Genève n’est pas la seule à tirer la sonnette d’alarme. L’inquiétude est partagée par la Conférence des directeurs cantonaux de justice et police (CCDJP). «L’absence d’accords de réadmission, notamment avec les pays d’Afrique, est le principal problème de notre politique d’asile» , souligne Philippe Leuba, conseiller d’Etat vaudois en charge du Département de l’intérieur. Dans son canton, 50% au moins des requérants déboutés ne peuvent être renvoyés dans leur pays faute de traités migratoires.
Pour le magistrat, la balle est dans le camp des autorités fédérales: «Il n’est plus admissible que le gouvernement n’ait pas de stratégie en la matière.
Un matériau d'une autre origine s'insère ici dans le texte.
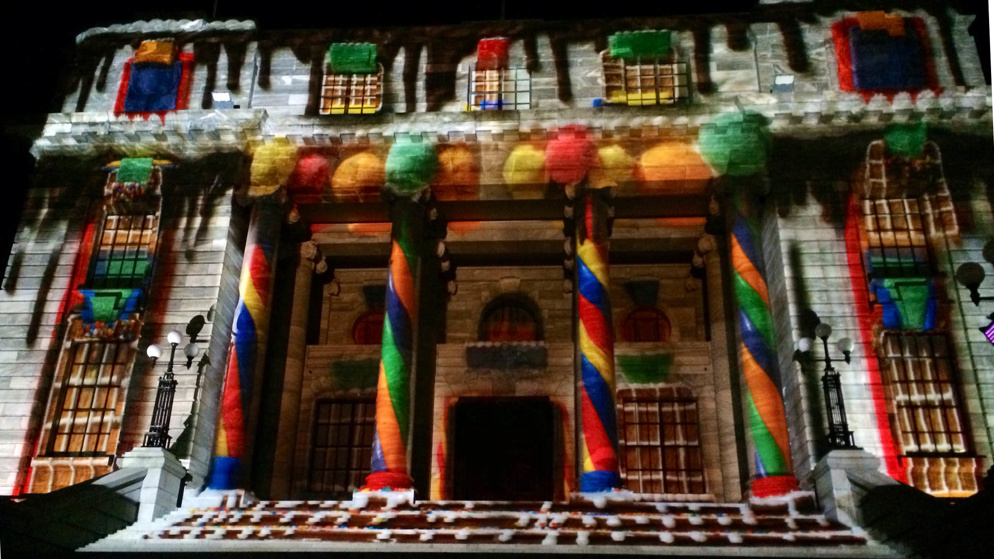 Party goers were then given a spectacular light show that lit up the old parliament building depicting a history of the city.

On ne peut pas continuer comme ça. Le Conseil fédéral refuse d’empoigner le problème et met les cantons dans des situations intenables.» Philippe Leuba demande un engagement collectif des conseillers fédéraux.
Une stratégie globale pourrait par exemple conditionner l’octroi de l’aide au développement à la signature d’accords migratoires. «Ça devrait être du donnant-donnant», plaide Philippe Leuba.

La Suisse est championne
Du côté du Département fédéral de justice et police (DFJP), en charge du dossier migratoire, on ne veut pas entendre parler de chantage à l’aide au développement. «L’efficacité d’une telle action est largement surestimée, rappelle Agnès Schenker, porte-parole du DFJP. D’une manière générale, la conditionnalité négative visant à imposer par la contrainte le respect de certaines exigences dessert les relations extérieures comme les intérêts de la Suisse.»
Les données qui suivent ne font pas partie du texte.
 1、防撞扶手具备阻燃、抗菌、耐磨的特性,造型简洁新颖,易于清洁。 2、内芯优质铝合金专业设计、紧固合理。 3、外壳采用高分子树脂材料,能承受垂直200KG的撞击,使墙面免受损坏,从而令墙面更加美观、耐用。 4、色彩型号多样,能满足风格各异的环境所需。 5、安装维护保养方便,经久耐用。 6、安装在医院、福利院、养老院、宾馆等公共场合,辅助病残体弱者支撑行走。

Avec 47 accords de réadmission, la Suisse est un des pays du monde ayant conclu le plus grand nombre de traités dans ce domaine, souligne-t-on au Département. Seuls six concernent des pays africains. Est-ce suffisant?
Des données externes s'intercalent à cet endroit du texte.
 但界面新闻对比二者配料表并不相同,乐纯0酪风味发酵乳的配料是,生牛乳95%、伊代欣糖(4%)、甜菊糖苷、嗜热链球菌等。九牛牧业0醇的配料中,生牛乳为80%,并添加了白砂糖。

«Nous essayons d’étoffer la palette, notamment avec l’Afrique subsaharienne et le Maghreb, explique Michel Jeanneret, conseiller juridique et spécialiste des accords avec l’Afrique à l’Office fédéral des migrations (ODM). C’est même une de nos priorités.»
L’office devrait entrer en négociation avant la fin de l’année avec un pays d’Afrique australe. «Nous avons envoyé une première proposition d’accord et attendons une réponse, confie Michel Jeanneret. Et puis nous suivons de près la situation en Tunisie. Des rencontres d’experts ont déjà eu lieu.»
Reste que, de l’aveu même du spécialiste, ces négociations prennent du temps. «C’est un processus long et difficile, et nous ne sommes pas toujours accueillis à bras ouverts, relève Michel Jeanneret. Si un partenaire ne veut pas négocier, nous ne pouvons rien faire. La migration est un des rares moyens de pression qu’a l’Afrique sur l’Europe.»

Accord au point mort
Ce genre de blocage, la Suisse en connaît avec l’Algérie. Les deux pays ont signé un accord de réadmission en 2006. Mais, dans les faits, le traité ne sert à rien. Alger tarde en effet à signer le protocole d’application. Sans lui, impossible d’effectuer un renvoi. Berne s’est-elle fait rouler dans la farine? «Les autorités suisses réitèrent constamment leur souhait de voir le protocole d’application signé, assure Agnès Schenker. La question migratoire est toujours à l’ordre du jour des relations bilatérales entre nos deux pays.»
Cette absence de renvois vers l’Algérie est connue des délinquants étrangers actifs à Genève. Selon la police, certains prétendent même être Algériens dans le but d’échapper à l’ex pulsion du territoire suisse.